The analysis of the coronary chamber in the contemporary imaging exams, the perfect selection of the drill compatible with coronary volume, good lighting and magnification are essential because they favor visualization of the cavity during coronary opening, avoiding unpleasant accidents.

Missed root canal may be found in some situations 49,50,52, which may be responsible of maintaining bacterial contamination. Missed root canal may occur in all teeth, due to poor exploration and investigation of anatomy 49,50,52. In mesiobuccal root of the first molar, in premolars with two or more roots, in mandibular central incisors, in dens invaginatus more attention is required to avoid missed root canals. Axial sections in CBCT are efficient in the study of these situations 52.

Accidents may occur at any moment of RCT and they may lead to the failure. The common procedure errors during access cavity preparation are as follows: remaining caries tissue in the pulp chamber; incorrect choice of the point for preparing the access cavity; incorrect selection of the drill (excessively large drill in relation to the pulp chamber volume); error on the climbing of teeth with wrong position; incomplete access; no removal of the coronal roof; buccal perforation in anterior teeth; perforation of the floor in molars 67.

Root Canal Preparation

Root canal emptying is the procedure to eliminate the contents from in the pulp cavity. RCT incorporate the sanitization process, which involves the emptying and enlarging, combined with the use of antibacterial strategies.

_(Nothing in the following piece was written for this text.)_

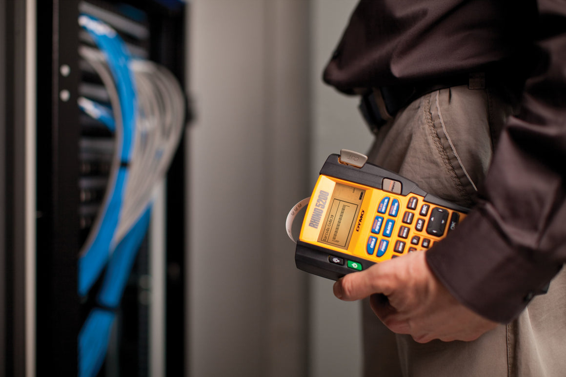 Rugged, versatile and packed with time-saving features, Rhino 5200 meets all ANSI and TIA/EIA-606-A labelling standards – and outperforms industrial labellers costing twice as much. Time is money, and Rhino’s patented one-touch “hot keys” save you both on every job. Press one “hot key” to automatically size, space and format text for perfect patch panel labels – then press another to print matching cable flags or face plate tabs, without retyping! It’s just as easy to print module and fixed-length labels, horizontal and vertical wire wraps, terminal and 110 blocks and much more. Print Code 39 and 128 barcodes for simple asset management. Automatically print single- and double-character incremental labels. Avoid repeated keystrokes with last-label recall and memory for 100 commonly used labels. Choose from 100+ preprogrammed industry symbols, fractions and punctuation marks. And get smart on-screen alerts that prevent mistakes (and wasted labels). Rhino 5200 prints heat-, chemical- and UV-resistant flexible nylon, permanent polyester and vinyl labels with industrial-strength adhesives, as well as heat-shrink tubes and non-adhesive labels. And it’s tough, with a no-slip grip and an integrated rubber bumper that cushions falls and accidents. Run it on 6 AA alkaline batteries (not included) – or on an optional, quick-charging lithium-ion battery that keeps going when other labellers run out of juice. Package includes Rhino 5200 labeller, 19mm (3/4”) white flexible nylon label cartridge, User Manual (on CD-ROM) and Quick Reference Guide.

The emptying is performed in cases of normal pulp (healthy or inflamed) (pulpectomy), infected pulp (sanitization process), presence of filling material (gutta-percha and sealer removal in retreatment), root canal with posts or fragments of endodontic instruments (disobturation). This stage of emptying allows the identification of the entry orifice of the root canal, its diameter, the direction of the curvature, obstacles or obstructions not visualized by imaging exams. In addition, it eases the passage of additional instruments. The emptying is performed before RCP and is essential for precise planning, in particular what concerns the lateral limits of preparation.

After root canal emptying is made the enlargement of the root canal. Thus, the selection of endodontic instruments and the technique used for root canal preparation (RCP), as well as the operator’s experience constitute important aspects to be considered in view of the new strategies and instruments (continuous or reciprocating nickel-titanium files) 6,7,12,84,85,86,87,88,89.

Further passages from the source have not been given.